The DCI study offers some recommendations for making the military courts system less abusive, but it is clear that ‘no one should be under any illusion that the treatment documented in this report can be eliminated so long as the friction points remain and Palestinian children are treated as second-class individuals.’ That is, the only real solution to the abuse and torture of children documented in the report, and summarised above, is to end the occupation. On that front, the study does contain some pointers. In recent years the Israeli military has dramatically decreased the use of administrative detention for children, and has introduced new regulations to moderate some of the abuses described above. None are sufficient, and most have had virtually zero practical effect. The Israeli human rights organisation B’Tselem found that recent amendments to military justice legislation are “marginal” and “have failed to bring about meaningful change”, a conclusion corroborated by the analysis and testimonies collected in this report. Nonetheless, the changes have had some impact, and, most significantly for our purposes, all were introduced following pressure from human rights organisations and activists.

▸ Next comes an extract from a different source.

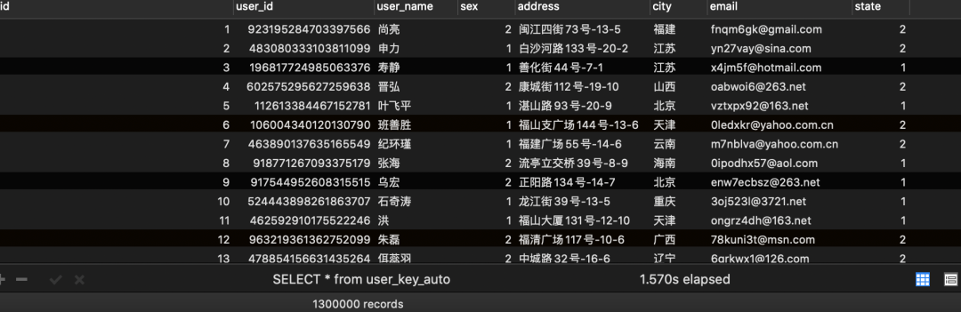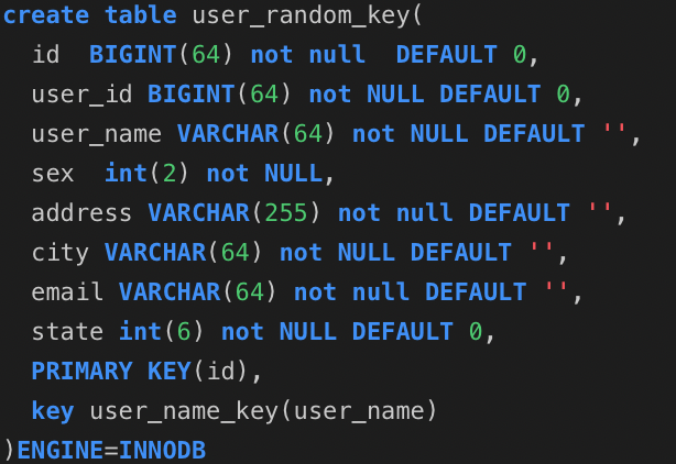 分别是user_auto_key,user_uuid,user_random_key,分别表示自动增长的主键,uuid作为主键,随机key作为主键,其它我们完全保持不变.
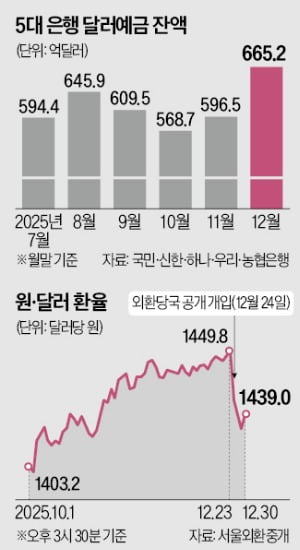 특히 작년 12월 24일 이후 집중적으로 늘어났다.지난달 24일은 당시 기획재정부가 “(환율 안정을 위해) 정부의 강력한 의지와 정책 실행 능력을 보여주겠다”며 원·달러 환율의 급격한 변동성을 완화하기 위해 시장 안정 조치에 나선 시점이다.5대 은행 중 한 은행에서는 지난달 월간 달러예금 증가분의 70%가 24~31일 늘어난 것으로 나타났다.

The testimonies and data presented by this report are not new. Its appendices list eight separate UN reports since 2008, and 21 reports from Israeli and international human rights groups (and the US State Department) over the same time period, documenting the mistreatment and torture of Palestinian children, which has itself been going on for decades. This large body of data needs to be publicised and people mobilised to pressure Israel, through their own representatives, to withdraw from Palestinian territory, and to dismantle a system whose stability requires that children be tortured and abused on the scale documented in this report.